People v Chunn
2020 NY Slip Op 01635 [181 AD3d 706]
March 11, 2020
Appellate Division, Second Department
Published by New York State Law Reporting Bureau pursuant to Judiciary Law § 431.
As corrected through Wednesday, April 29, 2020


[*1]
 The People of the State of New York, Respondent,
v
Christopher Chunn, Appellant.

Paul Skip Laisure, New York, NY (Yvonne Shivers of counsel), for appellant.

Melinda Katz, District Attorney, Kew Gardens, NY (John M. Castellano, Johnnette Traill, and Roni C. Piplani of counsel), for respondent.

Appeal by the defendant from a judgment of the Supreme Court, Queens County (John LaTella, J.), rendered June 9, 2015, convicting him of attempted murder in the second degree, attempted assault in the first degree, assault in the second degree, and criminal possession of a weapon in the second degree (two counts), upon a jury verdict, and imposing sentence.

Ordered that the judgment is affirmed.

Viewing the evidence in the light most favorable to the prosecution (see People v Contes, 60 NY2d 620 [1983]), the evidence was legally sufficient to establish the defendant's guilt of attempted murder in the second degree, attempted assault in the first degree, assault in the second degree, and criminal possession of a weapon in the second degree (two counts) beyond a reasonable doubt (see People v Lambert, 272 AD2d 413, 413-414 [2000]). Moreover, in fulfilling our responsibility to conduct an independent review of the weight of the evidence (see CPL 470.15 [5]; People v Danielson, 9 NY3d 342 [2007]), we nevertheless accord great deference to the jury's opportunity to view the witnesses, hear the testimony, and observe demeanor (see People v Mateo, 2 NY3d 383, 410 [2004]; People v Bleakley, 69 NY2d 490, 495 [1987]).

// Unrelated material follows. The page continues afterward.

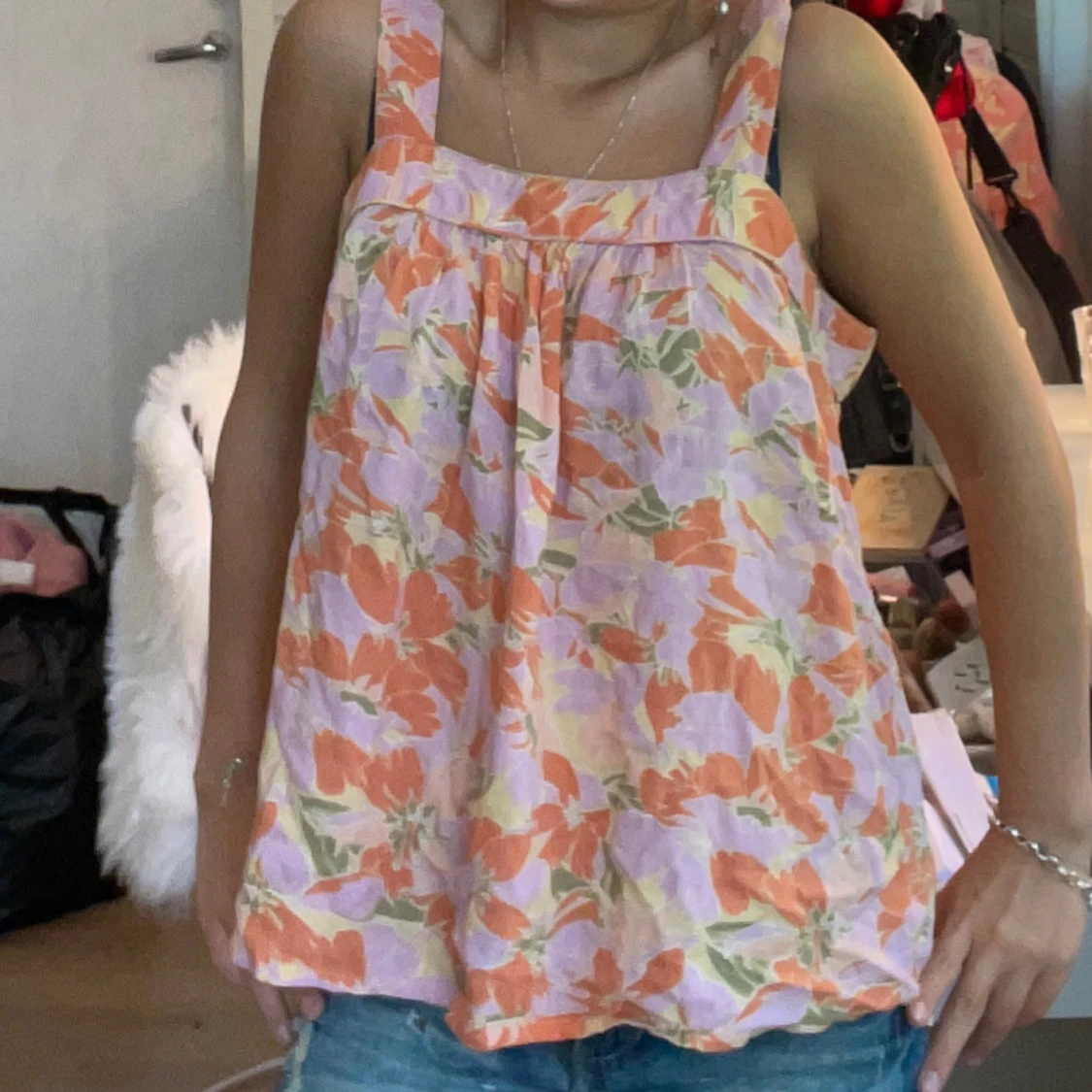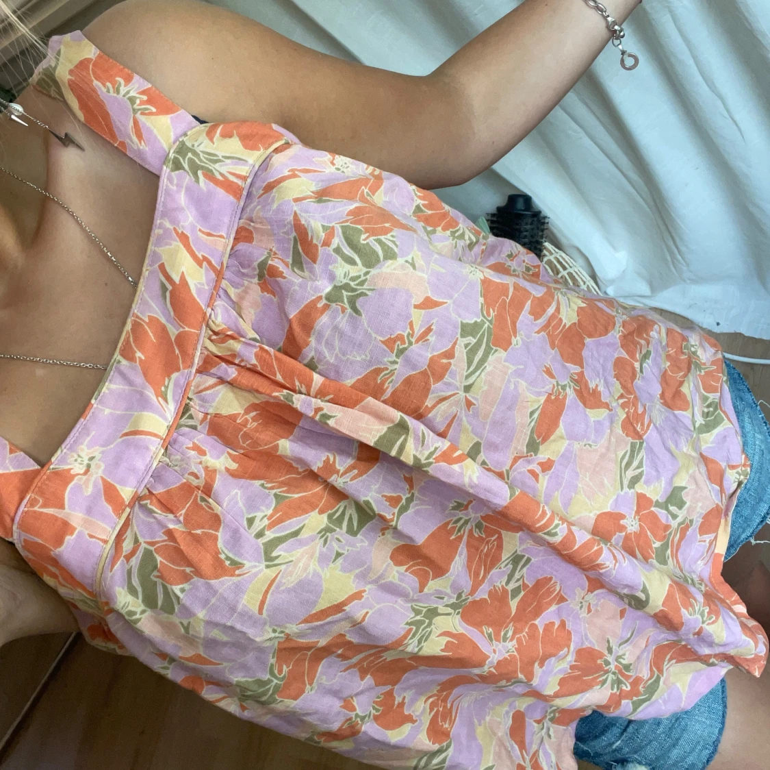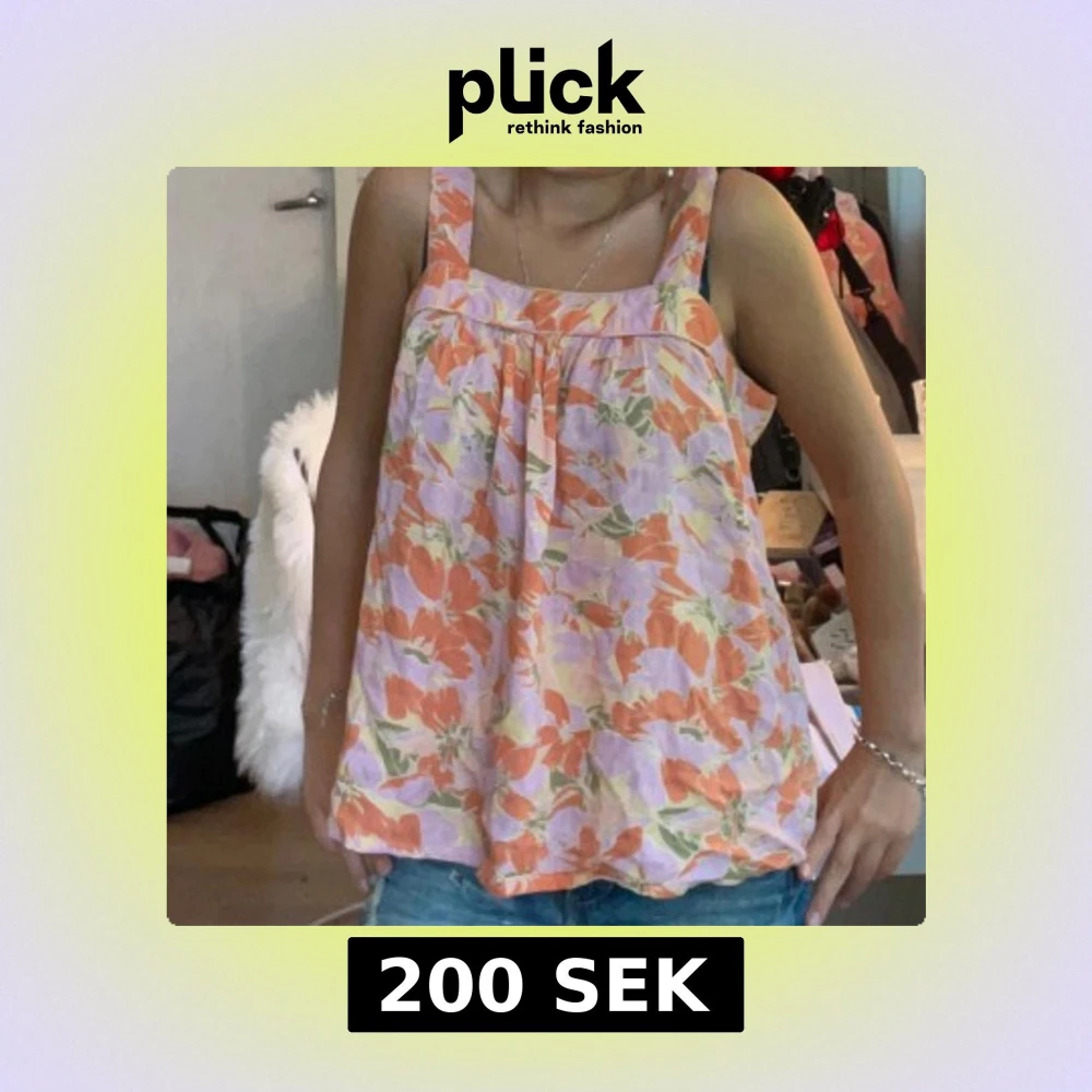 Supersöt linnetopp med breda axelband och blommigt mönster i orange, lila, grönt och lite gult. Luftig och flowy passform, perfekt för varma dagar. Toppens material känns lätt och svalkande, och färgerna ger en riktigt somrig vibe.

Upon viewing the record here, we are satisfied that the verdict of guilt was not against the weight of the evidence (see People v Anderson, 130 AD3d 1055, 1056 [2015]; People v Allen, 107 AD3d 818, 818-819 [2013]; People v Lambert, 272 AD2d at 413-414).

The defendant's contention that the Supreme Court erred in admitting evidence of a prior meeting between the defendant and the complainant is without merit. Contrary to the defendant's contention, this evidence was not Molineux evidence (see People v Molineux, 168 NY 264 [1901]) since it did not concern uncharged crimes or other bad acts (see People v Brewer, 28 NY3d 271, 276 [2016]; People v Myles, 172 AD3d 752, 753 [2019]).

The Supreme Court providently exercised its discretion in permitting the People to offer into evidence recordings of telephone calls the defendant made while in pretrial detention at Rikers Island Correctional Facility, as the recordings' probative value as evidence of consciousness of guilt outweighed their prejudicial effect (see People v Chrisostome, 167 AD3d 644, 644 [2018]; People v Moore, 118 AD3d 916, 918 [2014]). The court's ruling also did not violate the defendant's Fourth Amendment right to be free from unreasonable searches and seizures (see People v Diaz, 33 NY3d 92, 95 [2019]; People v Boyd, 175 AD3d 630, 631 [2019]; People v Chrisostome, 167 AD3d at 644).

The defendant's contention that certain remarks made by the prosecutor were improper is, for the most part, unpreserved for appellate review (see CPL 470.05 [2]; People v Beaupre, 170 AD3d 1031, 1033 [2019]). In any event, most of the challenged summation remarks were fair comments on the evidence and reasonable inferences to be drawn therefrom (see People v Anaka, 154 AD3d 870, 872 [2017]). To the extent that the prosecutor's remarks constituted improper burden shifting, the Supreme Court sustained defense counsel's objection, and the curative instructions provided by the court alleviated any prejudice that may have resulted from the remarks (see People v Morrison, 59 AD3d 569, 569 [2009]; People v Ramsey, 48 AD3d 709, 710 [2008]). To the extent that any of the remaining challenged remarks were improper, they were not so flagrant or pervasive as to have deprived the defendant of a fair trial (see People v Coleman, 148 AD3d 717, 718 [2017]; People v Almonte, 23 AD3d 392, 394 [2005]). Furthermore, defense counsel's failure to object to most of those remarks did not constitute ineffective assistance of counsel (see People v Johnson, 171 AD3d 1089, 1090-1091 [2019]).

The sentence imposed was not excessive (see People v Suitte, 90 AD2d 80 [1982]). Rivera, J.P., Chambers, Miller and Connolly, JJ., concur.